# Notebook: Create Confirmation Subsets

## Packages

In [1]:
import pandas as pd
import json

## Settings

In [2]:
N_PARTS = 2

In [3]:
INPUT_PATH = "synth_annotations_nils.csv"
OUTPUT_PATH_PREFIX = "annotation_confirmation/annotation_confirmation_synth"

## Code

In [4]:
# Zuvor muss ich meine Annotationen hochladen roh, aus label studio als csv
df = pd.read_csv(INPUT_PATH)
df["annotation_confirmation"] = None

In [5]:
def merge_labels_implicit_to_explicit(dataframe):
    # Benutzerdefinierte Funktion, um label-implicit zu label-explicit hinzuzufügen und 'type' hinzufügen
    def merge_labels(row):
        labels_explicit = row["label-explicit"]
        labels_implicit = row["label-implicit"]

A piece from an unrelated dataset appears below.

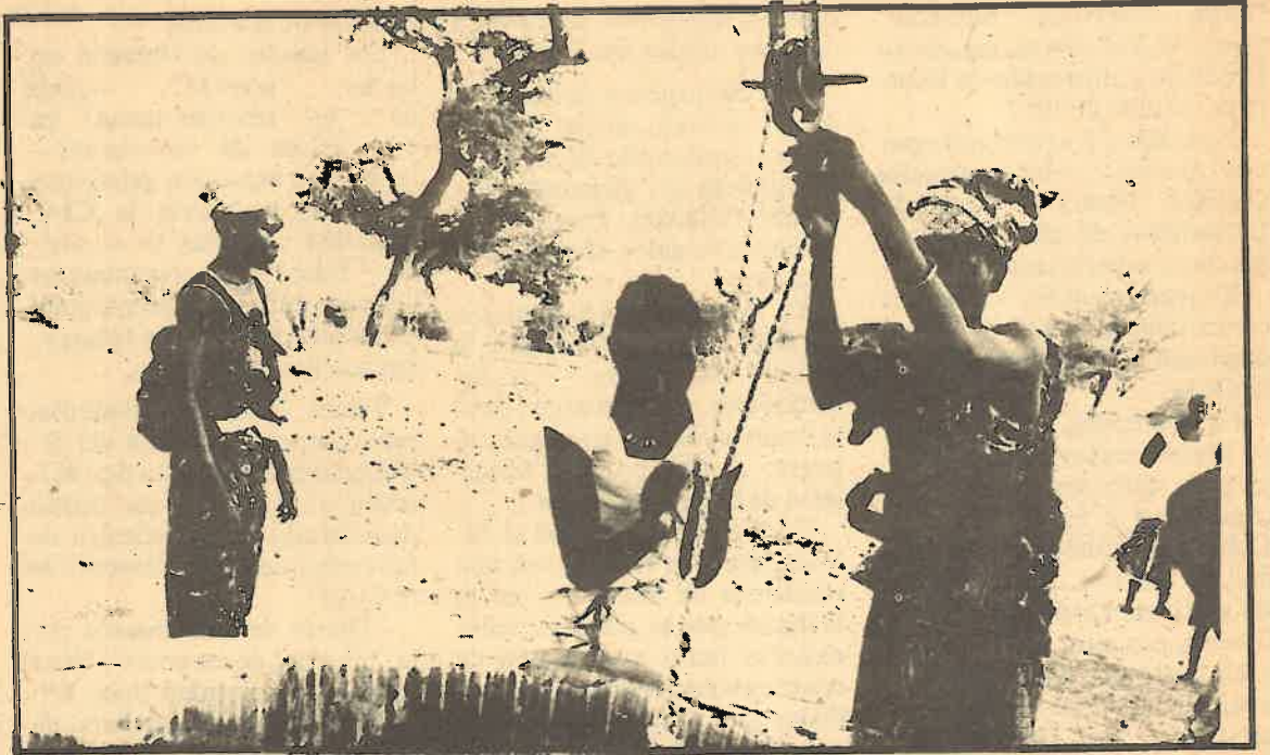
El subdesarrollo consecuencia inevitable del neocolonialismo

Así, entre 1970 y 1978, los EE.UU. obtuvieron, en los países en vías de desarrollo, beneficios del orden de 37,5 billones de dólares, cuando habían invertido el 23% de ese valor. En la década de los 70 las

        if isinstance(labels_explicit, str) == False:
            labels_explicit = []
        else:
            labels_explicit = json.loads(labels_explicit)

        if isinstance(labels_implicit, str) == False:
            labels_implicit = []
        else:
            labels_implicit = json.loads(labels_implicit)

        labels_total = []
        for annotation in labels_implicit:
            tuple = ('"'+annotation["labels"][0].rsplit('-', 1)[0]+'"',
                     '"'+annotation["labels"][0].rsplit('-', 1)[1]+'"', '"NULL"')
            labels_total.append(tuple)

        for annotation in labels_explicit:
            tuple = ('"'+annotation["labels"][0].rsplit('-', 1)[0]+'"', '"' +
                     annotation["labels"][0].rsplit('-', 1)[1]+'"', '"'+annotation["text"]+'"')
            labels_total.append(tuple)

        row["annotation"] = labels_total
        row["annotation_confirmation"] = ""
        return row

    dataframe = dataframe.apply(merge_labels, axis=1)

    return dataframe

In [6]:
total_rows = len(df)
rows_per_part = total_rows // N_PARTS

for idx in range(N_PARTS):
    start_idx = idx * rows_per_part
    end_idx = (idx + 1) * rows_per_part if idx < N_PARTS - 1 else total_rows
    part_df = df.iloc[start_idx:end_idx]

    filename = f"{OUTPUT_PATH_PREFIX}_{idx}.csv"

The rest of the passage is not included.